Interestingly, I'm not sure if it's nationwide, or a local dialect (Dorset/West country) thing - interesting because there's a lot of German/Saxonism retained in the dialect, usually about word choice or spelling though, not phrases. As far as I'm aware anyway, not an expert.

(For example we tend to prefer the -t ending of -ed verbs: 'burnt' not 'burned' etc. including in stronger cases words like 'turnt' ('turned' in any usage, not the modern slang for drunk) that Wiktionary etc. will tell you are obsolete.)


Similarly "I've been here since two days" is usually a giveaway that somebody's translating from French.


It’s actually also indicative of German! (and I would assume a few other languages?)

“Ich bin seit zwei Tagen hier.”


Do you notice an increase in this usage lately? I see it a lot on reddit and hn. All romance languages probably have it by the way. I know Italian does for sure.


Hindi too, maiñ do din se yahāñ hūñ.

I wouldn't be surprised if it were most languages really, English 'for' seems the weirder construction.


You could use it in English too so long as you add 'ago' on the end. "Since two days" makes no sense in English because "since" refers to a point in time not a duration.


That still doesn't sound natural to me. You could answer 'since when' with 'two days ago', but declaring it as a statement I'd say 'for the last two days' or 'since the day before yesterday'.

You could get away with it in speech since it sounds like 'since.. [thinking] two days ago' and it's acceptable to change construction like that in casual speech, but written it doesn't seem right to me.
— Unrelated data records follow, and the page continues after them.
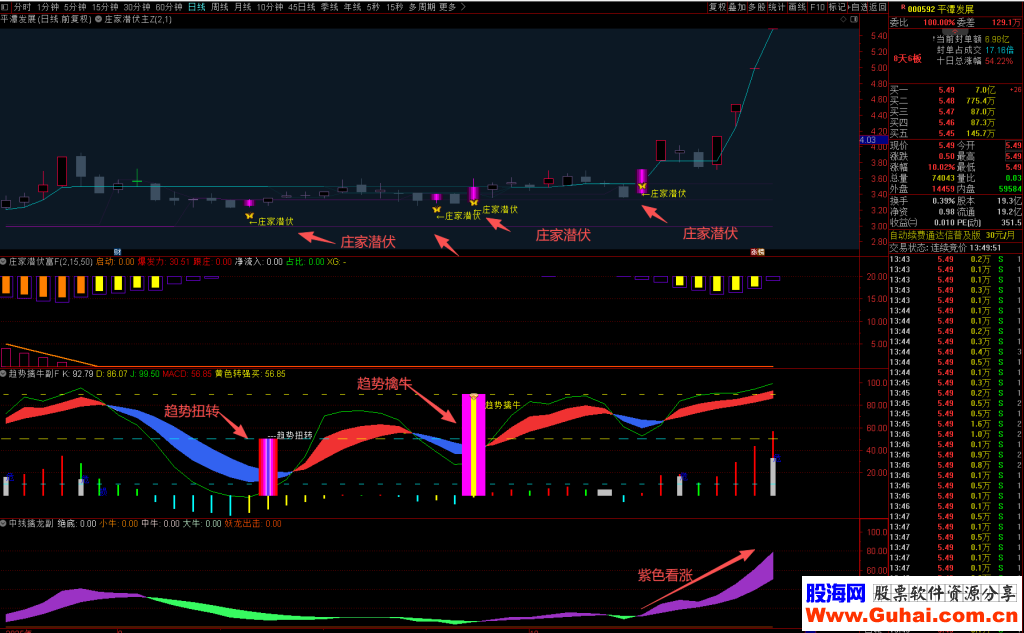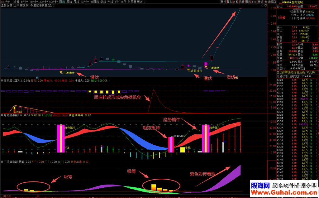 1、主图只设置了一个信号就是庄家潜伏,信号出票结合趋势判断成功率很高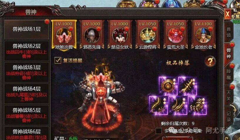开服22天开启兽神战场,开启后可挑战全新的兽神BOSS;兽神BOSS为个人归属,玩家每天有3次归属次数,每天0点刷新,当天未用完的次数次日可叠加,最多叠加至9次;!兽神战场内分布着矿晶和矿铁,玩家每天有2次矿晶采集次数和8次矿铁采集次数,矿晶采集次数最多可叠加至6次,矿铁采集次数不可叠加。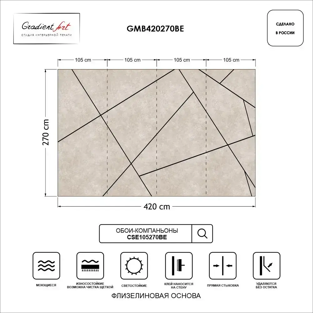 Фотообои лофт бетон геометрия "Геометрия" 420см x 270см флизелин премиум моющиеся, GradientArt GMB420270BE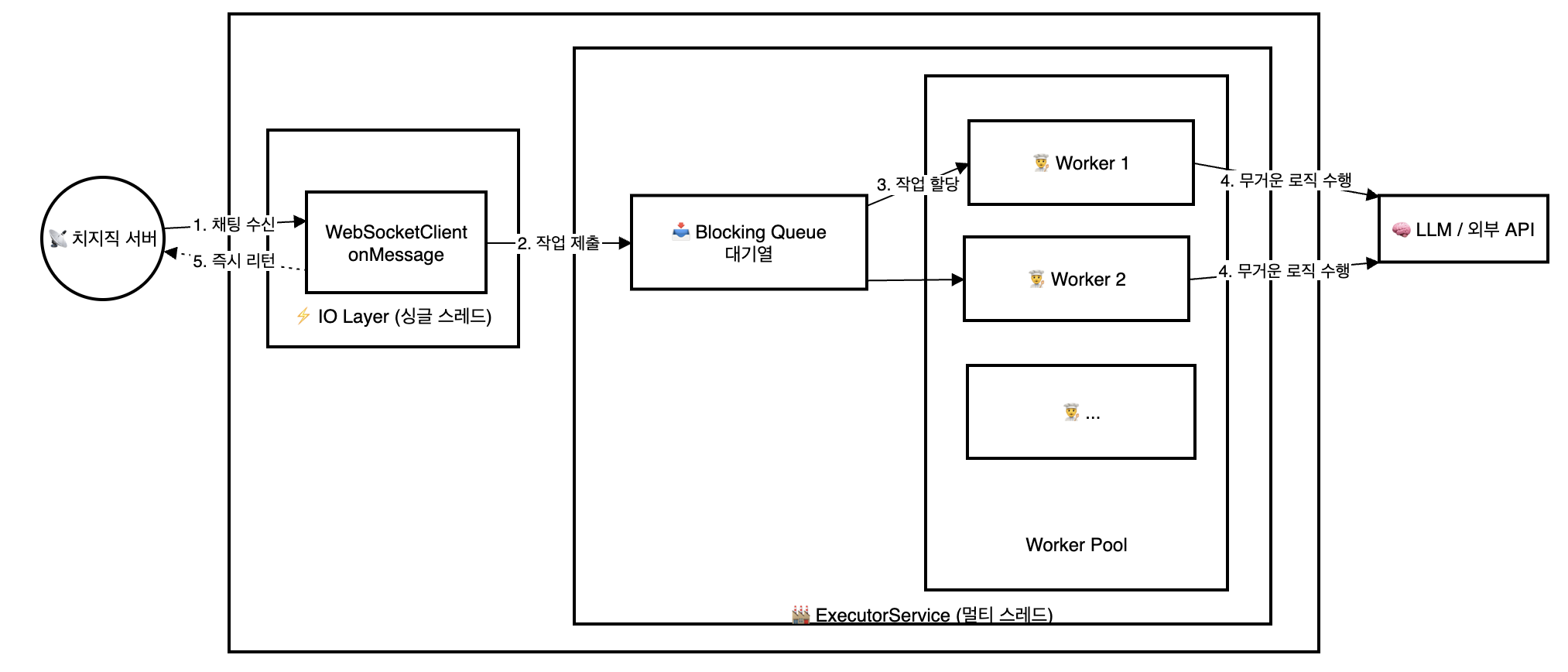 이를 해결하기 위해 나는 `ExecutorService`를 도입하여 두 영역을 물리적으로 분리하는 전략을 택했다.

Could also be do din tak but that implies you’re about to take off


Isn't German the same? "Ich bin schon seit zwei Tagen hier".


I say this as a native English speaker… but I speak South African English (or something similar), and I’ve heard that this expression is due to Afrikaans influence!


That's probably because Afrikaans is Dutch, and Dutch is German.


Well, ‘is’ isn’t quite the right word… but they’re all closely related languages, yes, which is why I mentioned it.


Yep, I was being liberal with "is" there, but hopefully the point came across.


Dutch is German, and English is French.


English is French and German.


And therefore, Dutch is English :D


No, English and Dutch are distant cousins.


Haha ok- but then so is German. Dutch has Low Franconian origins, and the more you learn about it, the weirder it gets. Also, it did not have the consonant shift- e.g. water (en) vs water (nl) vs wasser (de).

That said, after centuries of relative stability, modern Dutch is absorbing English words as fast as it can. Who knows if it is still recognisable in 50 years.


I don't know, I think maybe Dutch and German are more estranged siblings. English is a weird case because the German part is very German, but then the non-German part is pretty big!


Afrikaans is Dutch yes, Dutch is not German.

Learn your languages before spreading unwise nonsense on the internet.


Not OP here. You're right, but you could be more charitable in your reading of the previous comment. While it's wrong at the micro level it's not even nonsense on the macro level. Dutch and German are at the very least very related. They share a lot of constructs and words.

There's no reason to be so disrespectful.


I said this long before I moved out of the US. I live in NL now. I wish I could tell you where it came from. Probably from my stepfather who was raised in a rural Texas area that probably had some old Germanic roots.


This example at least sounds perfectly natural to me, in California. I can remember my dad saying it, who was also a born and raised Californian. No German around whatsoever, shrug.